Collection entries.

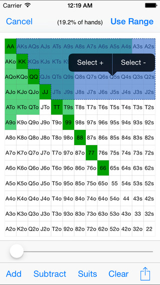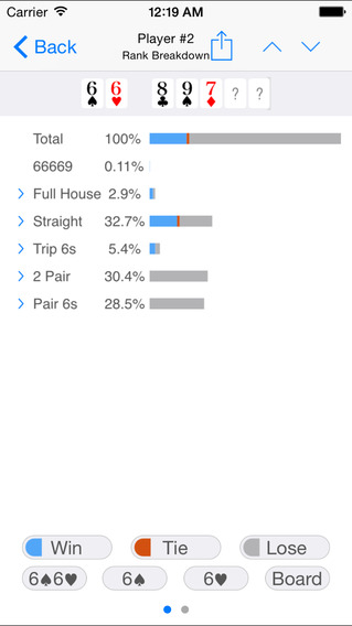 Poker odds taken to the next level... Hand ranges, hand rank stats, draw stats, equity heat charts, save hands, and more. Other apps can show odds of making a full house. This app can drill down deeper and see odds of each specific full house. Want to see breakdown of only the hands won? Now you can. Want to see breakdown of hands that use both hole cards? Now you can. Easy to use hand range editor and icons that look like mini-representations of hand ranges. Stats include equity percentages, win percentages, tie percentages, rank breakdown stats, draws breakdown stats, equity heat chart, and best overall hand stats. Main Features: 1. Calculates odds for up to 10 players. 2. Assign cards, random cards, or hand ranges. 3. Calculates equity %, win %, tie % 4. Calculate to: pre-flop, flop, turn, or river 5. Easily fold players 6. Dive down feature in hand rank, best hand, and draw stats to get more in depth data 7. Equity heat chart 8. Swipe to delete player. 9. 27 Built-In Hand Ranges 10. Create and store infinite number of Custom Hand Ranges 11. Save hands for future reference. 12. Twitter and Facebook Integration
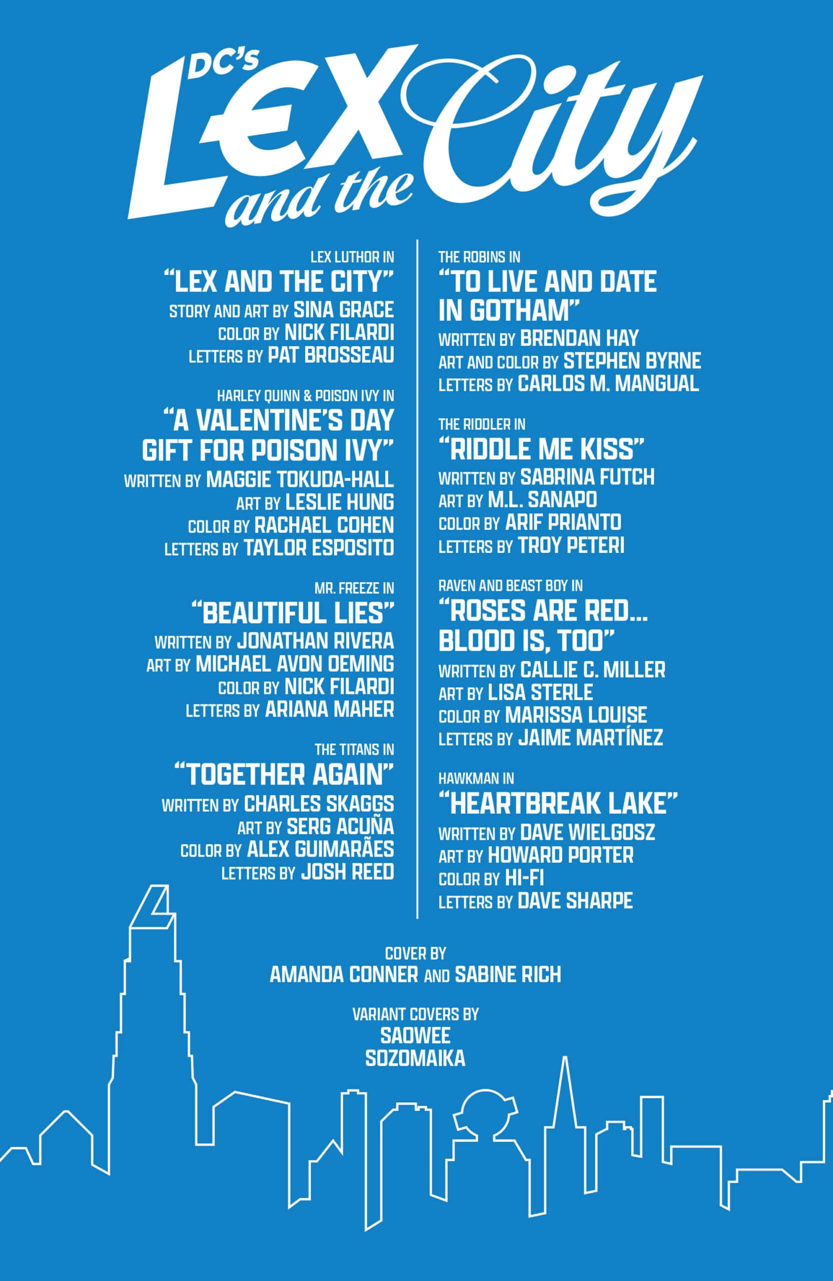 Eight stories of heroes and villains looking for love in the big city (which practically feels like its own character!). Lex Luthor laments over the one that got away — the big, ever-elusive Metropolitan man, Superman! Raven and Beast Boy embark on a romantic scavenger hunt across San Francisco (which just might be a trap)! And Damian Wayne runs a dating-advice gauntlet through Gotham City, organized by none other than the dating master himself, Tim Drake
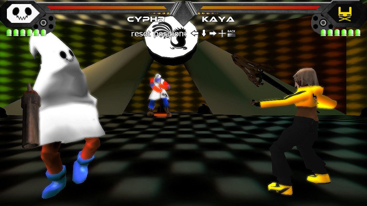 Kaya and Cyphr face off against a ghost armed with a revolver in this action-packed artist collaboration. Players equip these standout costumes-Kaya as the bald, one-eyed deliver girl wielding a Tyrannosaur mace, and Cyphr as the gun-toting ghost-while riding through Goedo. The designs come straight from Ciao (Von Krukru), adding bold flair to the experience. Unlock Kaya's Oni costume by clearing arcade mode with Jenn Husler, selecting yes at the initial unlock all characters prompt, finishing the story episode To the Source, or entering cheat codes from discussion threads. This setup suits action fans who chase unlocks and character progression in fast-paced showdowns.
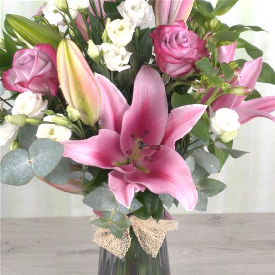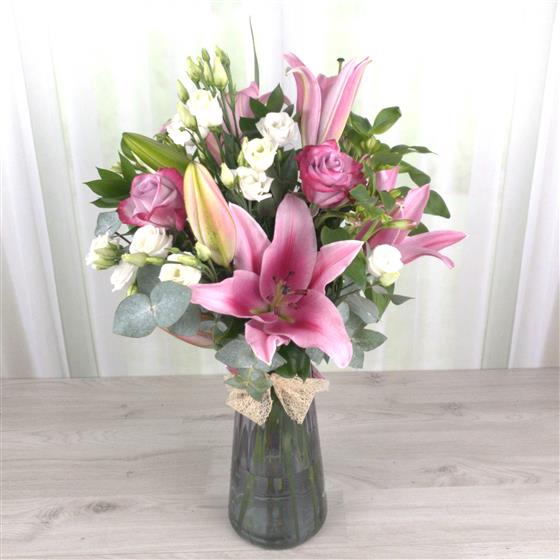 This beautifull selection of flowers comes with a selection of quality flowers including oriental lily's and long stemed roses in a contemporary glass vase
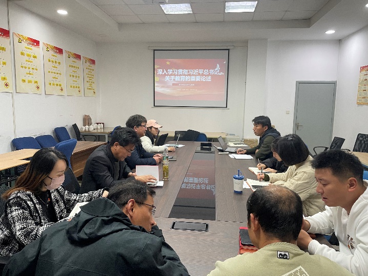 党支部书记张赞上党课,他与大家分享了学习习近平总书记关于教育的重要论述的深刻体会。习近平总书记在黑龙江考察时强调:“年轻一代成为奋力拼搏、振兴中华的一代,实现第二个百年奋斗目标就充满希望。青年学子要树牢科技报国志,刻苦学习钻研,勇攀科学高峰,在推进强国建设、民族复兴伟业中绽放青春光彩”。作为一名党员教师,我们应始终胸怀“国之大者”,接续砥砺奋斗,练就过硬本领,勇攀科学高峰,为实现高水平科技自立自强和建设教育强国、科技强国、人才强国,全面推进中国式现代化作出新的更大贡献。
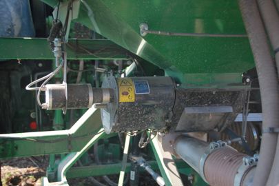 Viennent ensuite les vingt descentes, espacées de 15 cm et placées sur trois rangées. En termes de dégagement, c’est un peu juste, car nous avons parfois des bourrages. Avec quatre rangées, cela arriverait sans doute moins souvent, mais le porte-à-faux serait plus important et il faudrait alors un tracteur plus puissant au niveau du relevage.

Aim of the task. No pictures should appear in the copy, which holds exactly the lines from the first line of the data through the line with "Eight stories of" and nothing else.

Finished task.
 Poker odds taken to the next level... Hand ranges, hand rank stats, draw stats, equity heat charts, save hands, and more. Other apps can show odds of making a full house. This app can drill down deeper and see odds of each specific full house. Want to see breakdown of only the hands won? Now you can. Want to see breakdown of hands that use both hole cards? Now you can. Easy to use hand range editor and icons that look like mini-representations of hand ranges. Stats include equity percentages, win percentages, tie percentages, rank breakdown stats, draws breakdown stats, equity heat chart, and best overall hand stats. Main Features: 1. Calculates odds for up to 10 players. 2. Assign cards, random cards, or hand ranges. 3. Calculates equity %, win %, tie % 4. Calculate to: pre-flop, flop, turn, or river 5. Easily fold players 6. Dive down feature in hand rank, best hand, and draw stats to get more in depth data 7. Equity heat chart 8. Swipe to delete player. 9. 27 Built-In Hand Ranges 10. Create and store infinite number of Custom Hand Ranges 11. Save hands for future reference. 12. Twitter and Facebook Integration
 Eight stories of heroes and villains looking for love in the big city (which practically feels like its own character!). Lex Luthor laments over the one that got away — the big, ever-elusive Metropolitan man, Superman! Raven and Beast Boy embark on a romantic scavenger hunt across San Francisco (which just might be a trap)! And Damian Wayne runs a dating-advice gauntlet through Gotham City, organized by none other than the dating master himself, Tim Drake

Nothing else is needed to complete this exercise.